The goal of the problem I am trying to solve is:

  • Find two inputs [i,j] that can only be lowercase characters, uppercase characters, digits or a compination of them (a-zA-Z0-9) where the customHash(j) == customHash(i)^2. The input to the function is the integer representation of the input (meaning we take the whole input, convert it to integer and then pass this integer to the function). Also, there is no restriction to the length of the input that is passed to customHash function.

For example:

  • customHash(i) = 5
  • customHash(j) = 25

I tried using code to brute force inputs until I got a solve to this problem but the code was running forever. Also, even if it did find a match, It might not be a solution that is in (a-zA-Z0-9).
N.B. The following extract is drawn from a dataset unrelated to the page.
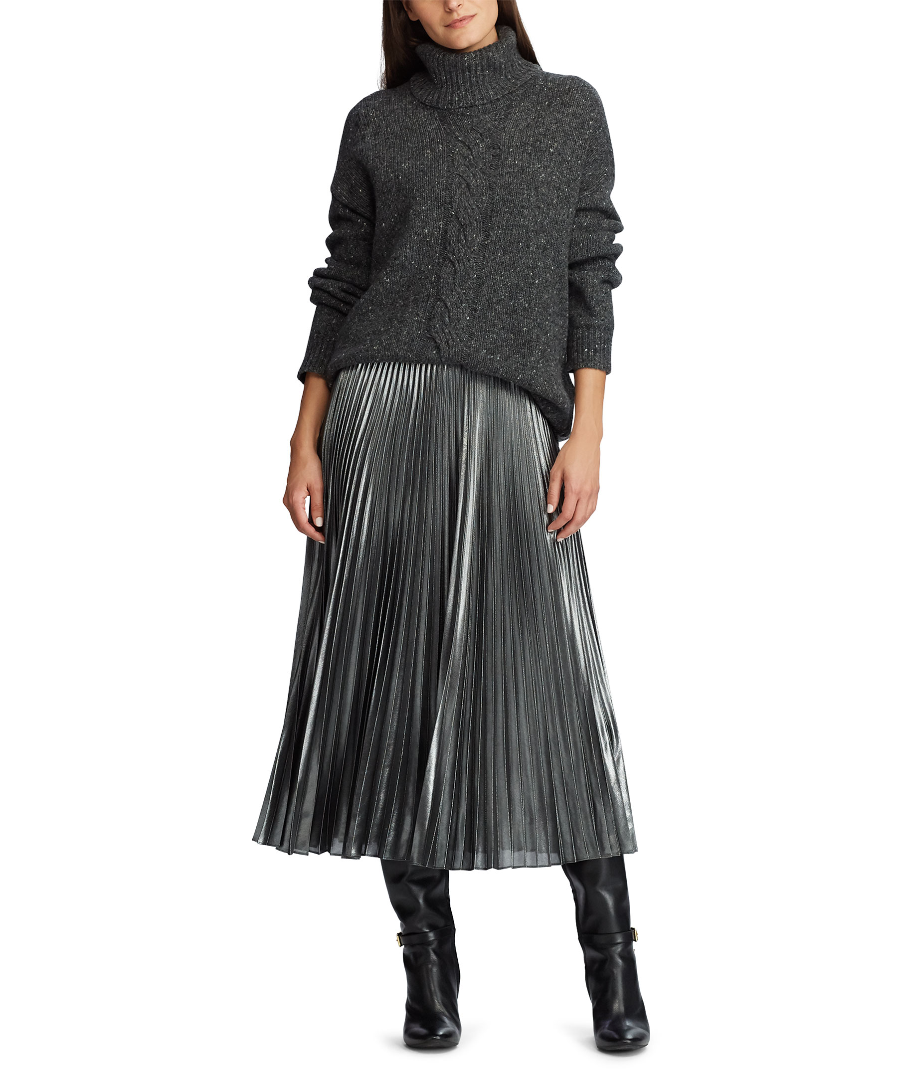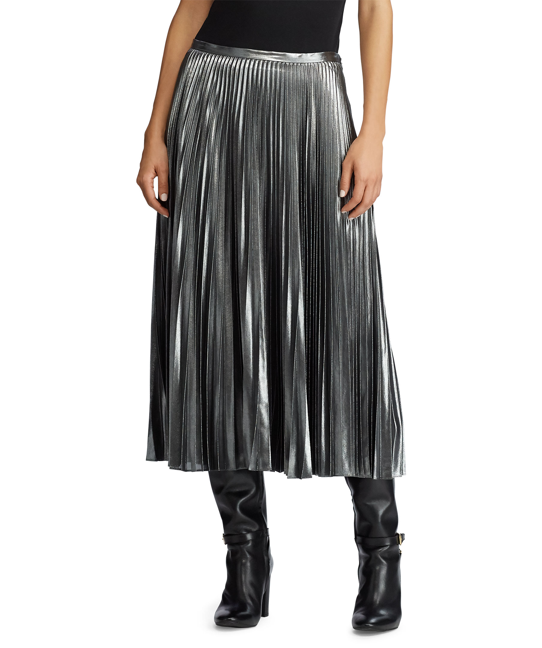 Plisserad kjol i midilängd från Lauren Ralph Lauren. Kjolen har en lyxig silvermetall finish, dragkedja i sidan och tunn underkjol.

I got one suggestion that this can be done with lattices, but I am not sure how, so if anyone is proficient with lattices (and it indeed is solvable with lattice approach) or has some other approach to this problem, I would really like an explanation to it.


1 Answer 1


$i=j=0$, both representing the empty string and hashing to the integer $0$, is a trivial answer to the question for most of the plausible readings of “convert it to integer”. In the following I add to the statement that we restrict to non-empty input, and that conversion to integer is from ASCII strings either big-endian or little-endian, as per int.from_bytes in modern Python.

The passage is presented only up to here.